• DATASET SECTION:

Segment Open

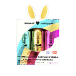 Inuwet Tavşan Kutulu Set -Elma, Marshmallow ve Pamuk Şekeri Aromalı 3 Adet Dudak Nemlendiricisi ve 2 Adet Gökkuşağı şeklinde Klips Toka
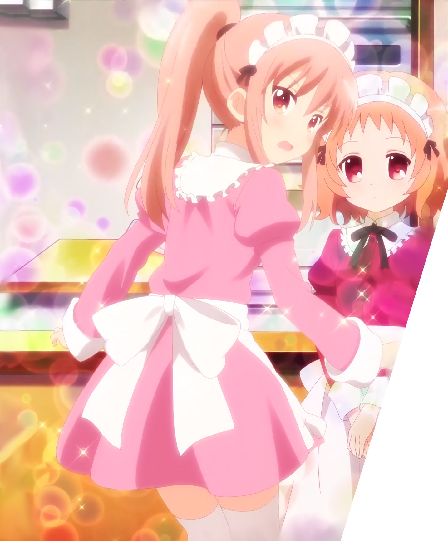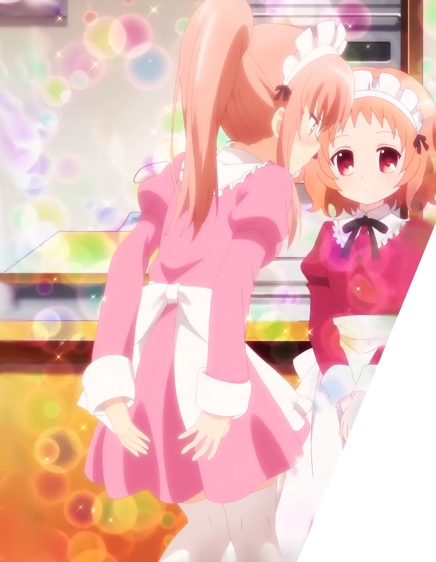 恥じらいながら尻を押さえる、給仕服を着た芹奈。
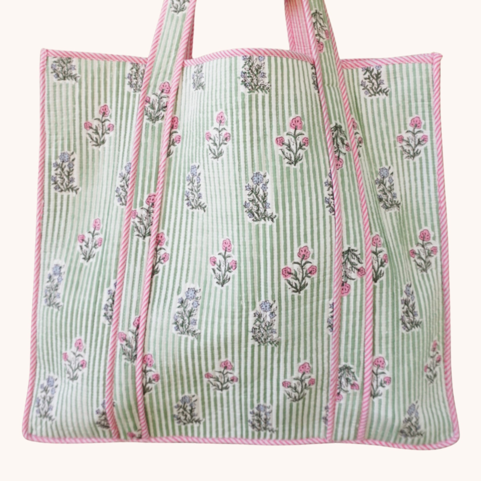 Each tote is block-printed by skilled artisans in our hand drawn design, making every piece slightly unique. Crafted from durable heavyweight cotton canvas and fully lined with a handy interior pocket, it’s both practical and beautiful.

Segment Closed

• ACTIVITY: Write out the data above in full and exactly, but not the pictures.

• FINISHED TASK:
 Inuwet Tavşan Kutulu Set -Elma, Marshmallow ve Pamuk Şekeri Aromalı 3 Adet Dudak Nemlendiricisi ve 2 Adet Gökkuşağı şeklinde Klips Toka
 恥じらいながら尻を押さえる、給仕服を着た芹奈。
 Each tote is block-printed by skilled artisans in our hand drawn design, making every piece slightly unique. Crafted from durable heavyweight cotton canvas and fully lined with a handy interior pocket, it’s both practical and beautiful.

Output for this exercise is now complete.